Law students design app to help drivers know their rights when towed

Colorado has a predatory towing problem—residents are often towed for no reason, typically in the middle of the night, and then have to pay hundreds of dollars to retrieve their cars. Last year, the Colorado legislature passed the Towing Bill of Rights to help address this problem, and now students in the Sturm College of Law have designed a web-based app that puts those rights into the hands of consumers.

Third-year student Will Denney and his classmates, Jessi Bird and Brittany Phouminh, created the Towing Rights Advisor for Colorado app last fall as part of Law & Innovation Lab, a six-credit course offering the opportunity to develop technology tools that address real-world legal problems. 

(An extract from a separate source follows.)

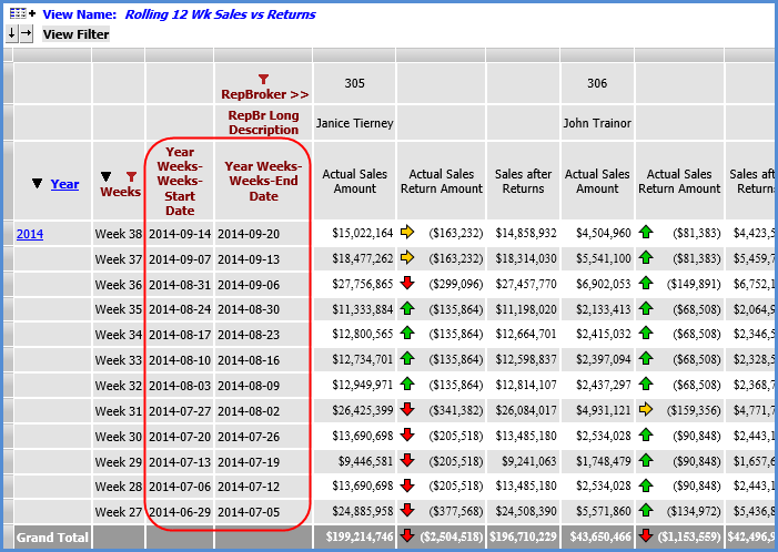 The first example is a view that shows sales versus returns for a rolling period of 12 weeks (the current week and eleven weeks prior). The Weeks level in the view belongs to the Year Weeks time hierarchy. There are two time properties showing for Weeks -- the Start Date and End Date. These properties make it easy to tell what calendar dates fall within each week currently displayed in the view.

Professor Lois Lupica, who leads the lab, says the idea came from conversations with a local partner organization, the Community Economic Defense Project. The students, who had never developed an app before, went to work combing through the legislation and determining the rights consumers have and what information people need most. 

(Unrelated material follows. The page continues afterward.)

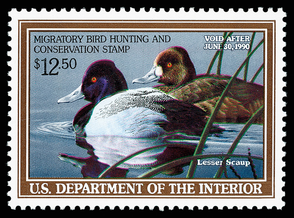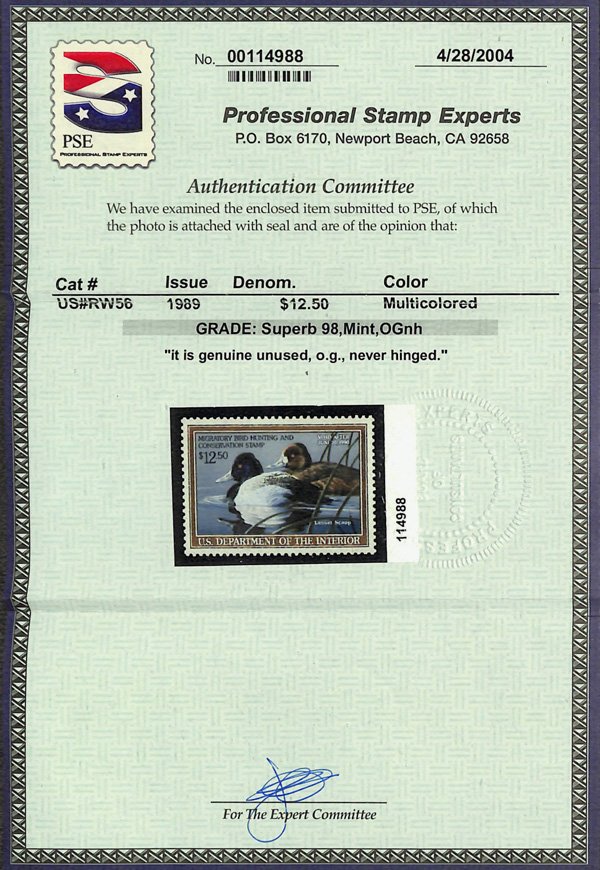 5534 nh RW56 imageFederal Duck Stamp, 1989, $12.50 Lesser Scaup (Scott RW56), o.g., never hinged, Superb, with 2004 P.S.E. certificate graded SUP 98.

The result, Lupica says, is an app that gives the user tailored information based on their circumstance and grouped by urgency—from “I want to understand my rights” to “My car is about to be towed.” The team added user-friendly features, such as a white background with high-contrast lettering for easy reading at night.

Denney, who is multilingual, also translated the app into Spanish. “It’s almost impossible for Spanish speakers to file a complaint,” he says. “Our app takes their information in Spanish and then drafts the complaint in English for them and sends it to the relevant agencies.” 

“That’s the value of using technology,” Lupica says. “You could give someone a booklet about their towing rights, but then they still have to flip through 20 pages, 15 of which don’t apply to their situation. This app lets you click on your circumstance, and you get only the information you need right now.”

The app launches this spring and will be available on the Community Economic Defense Project website at cedproject.org.